Num ambiente desses, logicamente não há uma reforma educacional. Os estupradores são parte da pior estipe, poucos vivem. Há um setor que serve exatamente para os detentos que tem medo de morrer. Nesse setor, superlotado, não há sol. Isso conclui que os detentos preferem viver em condições subumanas para evitar a morte certa. Os detentos se mostram muito sinceros, falando de seus crimes sem arrependimento. O médico se mostra sempre neutro e sorridente. E as autoridades se mostram consoladas. Tudo vive numa perfeita harmonia. Esse é o problema do filme. O conflito só se mostrou no momento da rebelião, sendo que essa não era a realidade. Por ser um filme feito sob a visão dos detentos (com um espetacular manejo de flashbacks que mostram as vidas dos detentos antes de entrarem no Carandiru), os crimes são sempre justificados, mas isso não explica a falta de humanidade gerada nas pessoas. Homossexualismo é cômico, as drogas são permitidas (seguindo aquela linha de pensamento que o consumo de drogas é conseqüência, então deve haver uma reforma para que não se droguem; mas como não há essa reforma, fica tudo parado) e a polícia é implacável, com um caráter quase psicótico (frio e agressivo).

“Culpa tem remédio, doutor?”

É interessante ver outros aspectos da vida dos detentos. O sofrimento dos familiares se mostra tão grande quanto a agonia dos que estão dentro da cadeia. Pessoas jovens, bonitas, cultas e tranqüilas também são capazes de cometer crimes e não são poupados dentro da cadeia. Entre os próprios detentos, há uma falta de piedade e mostra a paranóia que a droga é capaz de gerar. A religião se mostra sempre presente, mas ao mesmo tempo, é algo morto, que não é capaz de salvar ou, ao menos, interfere na vida dos detentos. No final das contas, os presos são visto como verdadeiras caricaturas da sociedade brasileira (tão diversificada quanto ela é). Inclusive, é perceptível uso de grande quantidade de estrelas cinematográficas brasileiras (entre eles estão: Wagner Moura, Rita Cadilac, Rodrigo Santoro, Caio Blat, Lázaro Ramos, etc.).

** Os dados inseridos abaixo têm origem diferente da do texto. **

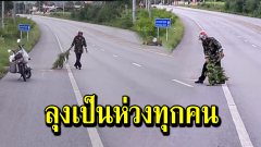 ลุงจอดรถข้างทาง ถือกิ่งไม้กวาดเศษแก้วออกจาถนน
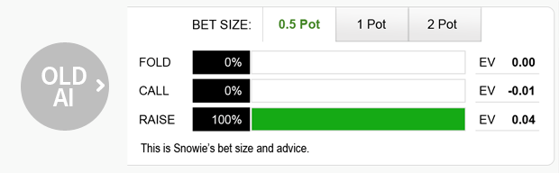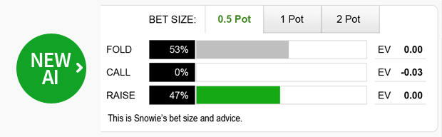 PokerSnowie刚刚发布时,我认为它证明我想错了。根据新版PokerSnowie的评估,我当时对了一半(也错了一半)。PokerSnowie仍然评估出这手牌强到足够在枪口位置率先加注,但并不总是如此。为了不使我们的率先加注范围太弱,我们应该采用混合策略来游戏这手牌,并且在53%的时候弃牌。

“Havia duas escolhas: esquecer ou voltar.”

Não há uma real vontade de sair da cadeia, sendo que muitos preferem permanecer por lá. Possuindo o controle absoluto do local onde vivem podem cozinhar, ver TV e até se drogar em suas celas (cobrando aluguel para dormir lá, é claro). A rebelião aconteceu no dia 2 de outubro de 1992. Apesar de muitos acharem que o filme mostra q a rebelião aconteceu por causa de uma cueca pendurada no varal, não é isso que realmente mostra. O estopim é gerado quando a tensão entre os detentos se torna insuportável, tanto que nem uma cueca em um varal diferente pode ser tolerada. Sabendo que já há uma falta de condições humanas para se viver lá, os prisioneiros se uniram contra as autoridades, gritando e aclamando ao mundo por uma ajuda. Com a mesma falta de tolerância que houve entre eles, a policia civil entra na casa de detenção e mata por volta de 111 detentos, mesmo com eles terem se desfeito de muitas armas (sendo a maioria delas apenas armas brancas). O horror gerado foi tão grande que o fato rodou o mundo inteiro e a opinião pública se tornou insustentável, levando à única solução possível: a demolição da cadeia (que ocorreu em 2002).

“O senhor quer ouvir outra mentira? Aqui ninguém é culpado. O senhor não percebeu isso?”